Media monitoring

Easter bilby important too

Radio National (Canberra), Bush Telegraph, 10/04/2009 11:07am

Compere Michael Mackenzie says that chocolate eggs are traditionally consumed on Easter Sunday, but there are also Easter bilbies, an Australian contribution to this religious season. He says it has emerged that not all chocolate companies are contributing to the research effort attempting to secure the bilby’s place in the Australian environment, where Dr Brian Cooke is part of an ongoing fight against the rabbit. He interviews Prof Tony Peacock, Invasive Animals Cooperative Research Centre, who says he is concerned that some companies pay a licence fee to Rabbit-Free Australia, which invented the trademark of Easter Bilby, but other companies, like Cadbury, ignore it and make no contribution at all. He says that Rabbit-Free Australia is a foundation out of SA, which created the original story of the Easter Bilby, which is now known to most Australia children.
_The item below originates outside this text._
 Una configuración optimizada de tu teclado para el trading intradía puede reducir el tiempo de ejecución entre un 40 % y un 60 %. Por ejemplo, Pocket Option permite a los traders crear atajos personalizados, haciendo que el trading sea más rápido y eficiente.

He says these licence fees and the contributions of chocolate companies have been ‘really important’ in doing research and establishing sanctuaries. He says that Rabbit-Free Australia has sponsored research and the Bilby Appreciation Society has a sanctuary in Qld. He says that to date, these licence fees have raised hundreds of thousands of dollars, where the bilby is now extinct in many parts of Australia, due to foxes and rabbits. He says that bilbies have been restored to Australian Wildlife Conservancy’s Scotia Sanctuary near Broken Hill.
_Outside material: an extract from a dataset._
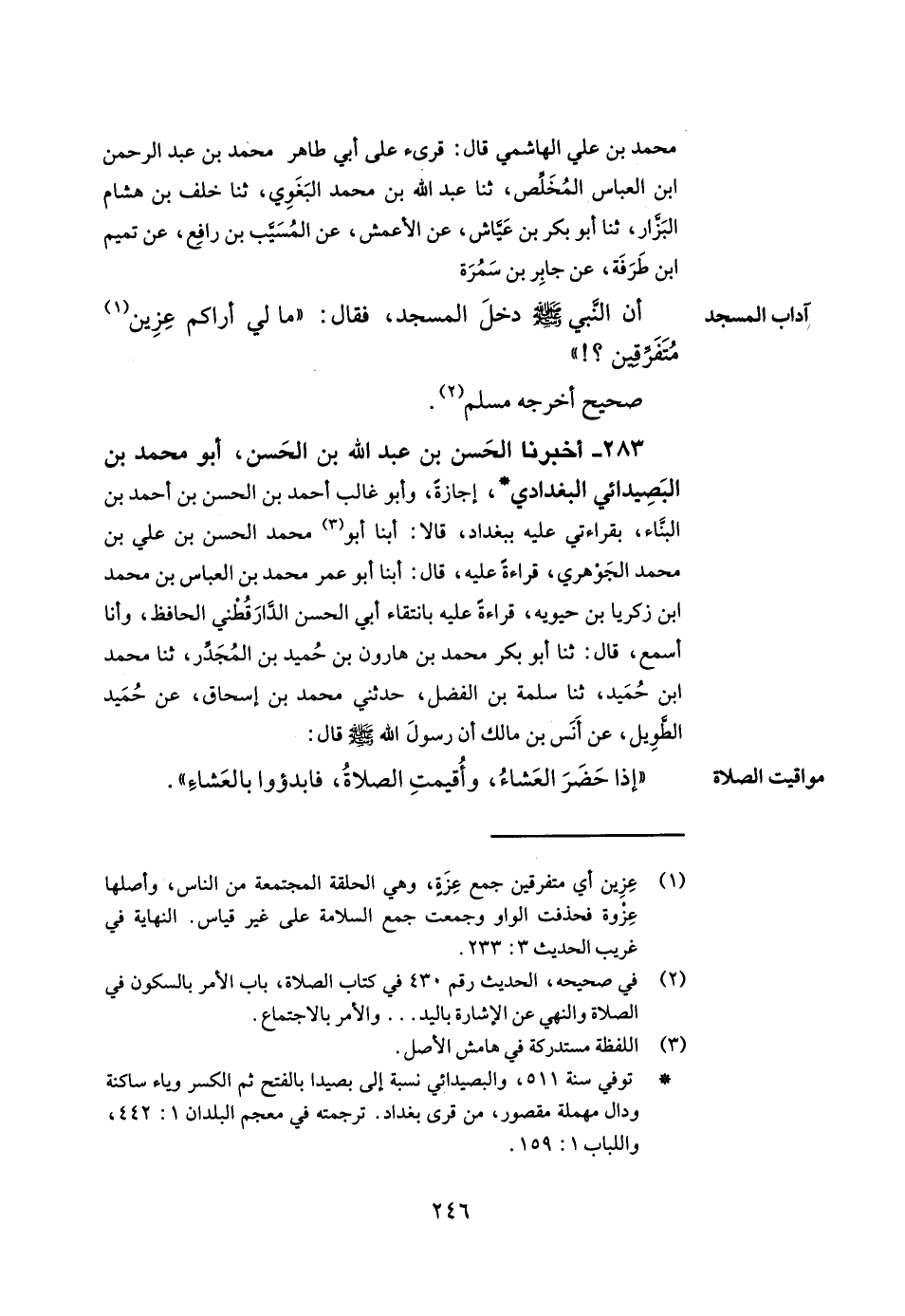 283- أخبرنا الحسن بن عبد الله بن الحسن أبو محمد بن البصيدائي البغدادي إجازة وأبو غالب أحمد بن الحسن بن أحمد بن البناء بقراءتي عليه ببغداد قالا أبنا أبو محمد الحسن بن علي بن محمد الجوهري قراءة عليه قال أبنا أبو عمر محمد بن العباس بن محمد بن زكريا بن حيويه قراءة عليه بانتقاء أبي الحسن الدارقطني الحافظ وأنا أسمع قال ثنا أبو بكر محمد بن هارون بن حميد بن المجدر ثنا محمد بن حميد ثنا سلمة بن الفضل حدثني محمد بن إسحاق عن حميد الطويل عن أنس بن مالك أن رسول الله صلى الله عليه وسلم قال إذا حضر العشاء وأقيمت الصلاة فابدؤوا بالعشاء.

He interviews Dr Brian Cooke, researcher, who says that he is involved in research commissioned by Australian Wool Innovations into how the calicivirus strain of rabbit virus is now fending for itself in the wild, and the results so far are concerning, where it is possible that a form of resistance is resulting in a recent increase in rabbit populations. He says that Dr Tanya Strive, research scientist, CSIRO, has recently discovered another naturally-occurring calicivirus that is non-pathogenic but is effectively immunising local rabbits. Peacock says he believes that chocolate companies, like Cadbury, should pay licence fees to Rabbit-Free Australia so that they can use the chocolate Easter Bilby as a marketing tool. Mackenzie says he hopes it’s a case that Cadbury has just made ‘a simple mistake’ in not paying licence fees to Rabbit-Free Australia in order to market and sell its chocolate Easter Bilby.
Interviewee: Prof Tony Peacock, Invasive Animals Cooperative Research Centre; Dr Brian Cooke, researcher.